Kom naar ons toe en kweken en quank. Verlicht ons van onze roeren met uw tanden zo scherp en helder, neem dit bloed dat altijd spinnen. Door onze holle botten stroomt het naar elke veer en donzige pluis. Vlak de vreselijke, afschuwelijke drang die ons zo vaak prinkelt, nog steeds onze dromen, laat onze gedachten traag maken om onze aderen te laten overspoelen. Kom naar ons toe en drink uw vulling zodat we onze pijnen kunnen beëindigen. - De uilen in St. Aegolius roepen naar de vleermuizen
(Come to us and quackle and quank. Relieve us of our stirrings With your fangs so sharp and bright Take this blood that's always purring. Through our hollow bones it flows To each feather and downy fluff. Quell the terrible, horrid urge that so often prinkles us, Still our dreams, make slow our thoughts Let tranquillity flood our veins. Come to us and drink your fill So we might end our pains. - The Owls at St. Aegolius calling to the bats)

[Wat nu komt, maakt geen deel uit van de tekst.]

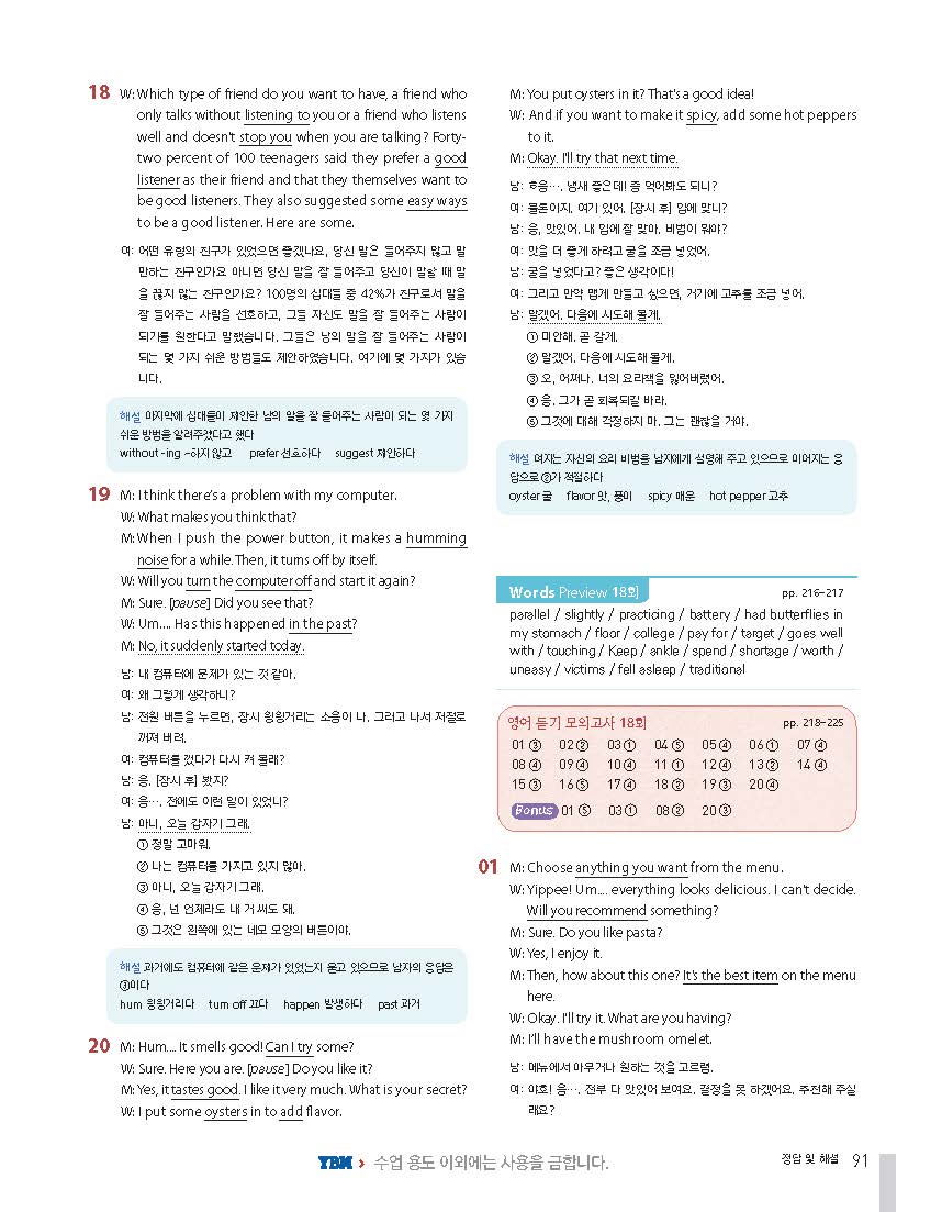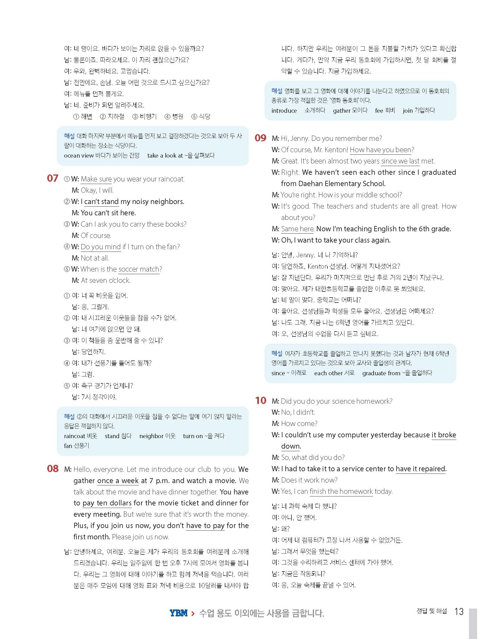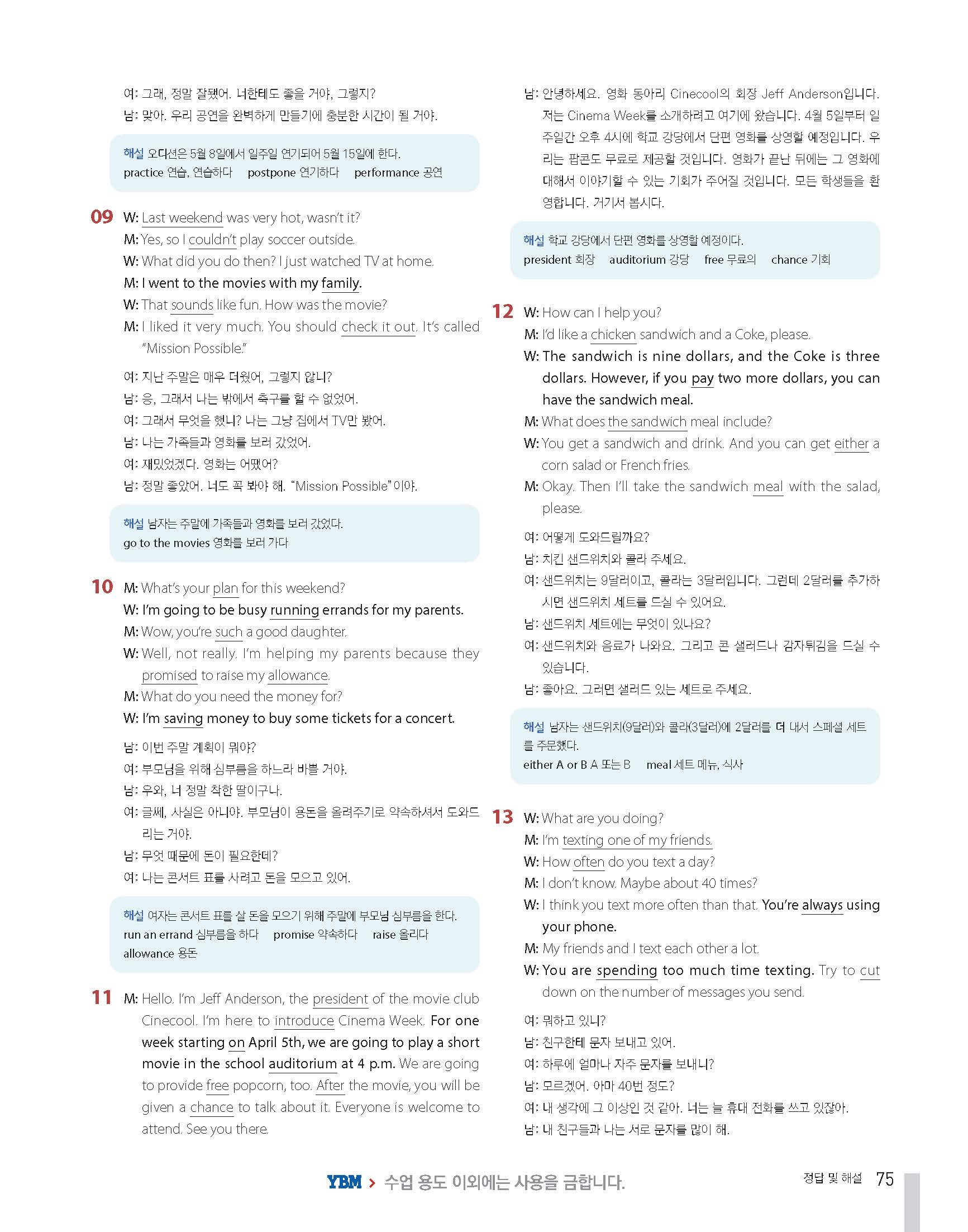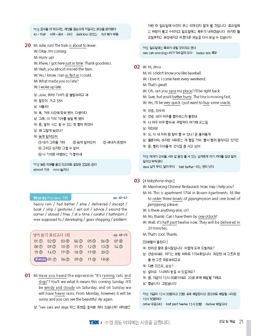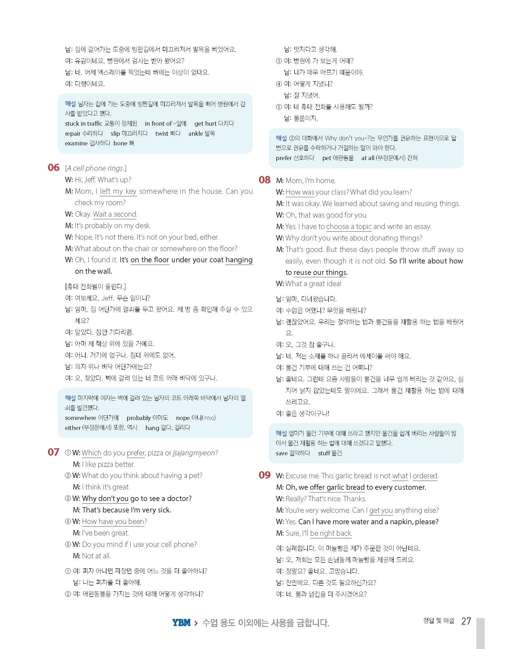 YBM시사 굿리스닝2 Good Listening 2 사진답지 빠른답지 모바일최적화

Het gedicht weerspiegelt een wanhopige oproep van de uilen in St. Aegolius naar de vleermuizen, wat een beroep doet op verlichting van hun innerlijke onrust. De uilen willen dat de vleermuizen komen en zich voeden met hun donkere emoties, met behulp van krachtige beelden van tanden en bloed om hun verlangen naar rust te benadrukken. Dit pleidooi bevat hun lijden en de noodzaak van uitstel van hun verontrustende gedachten.
De uitnodiging van de uilen betekent een verlangen om hun chaotische gevoelens te kalmeren en de vrede in zichzelf te herstellen. Ze zoeken troost van de vleermuizen, in de hoop dat de daad van voeding hun angsten zal kalmeren en een gevoel van kalmte zal brengen. Het gedicht legt prachtig de met elkaar verweven relaties in de natuur vast, waar de pijn van het ene wezen kan leiden tot de voeding van een ander.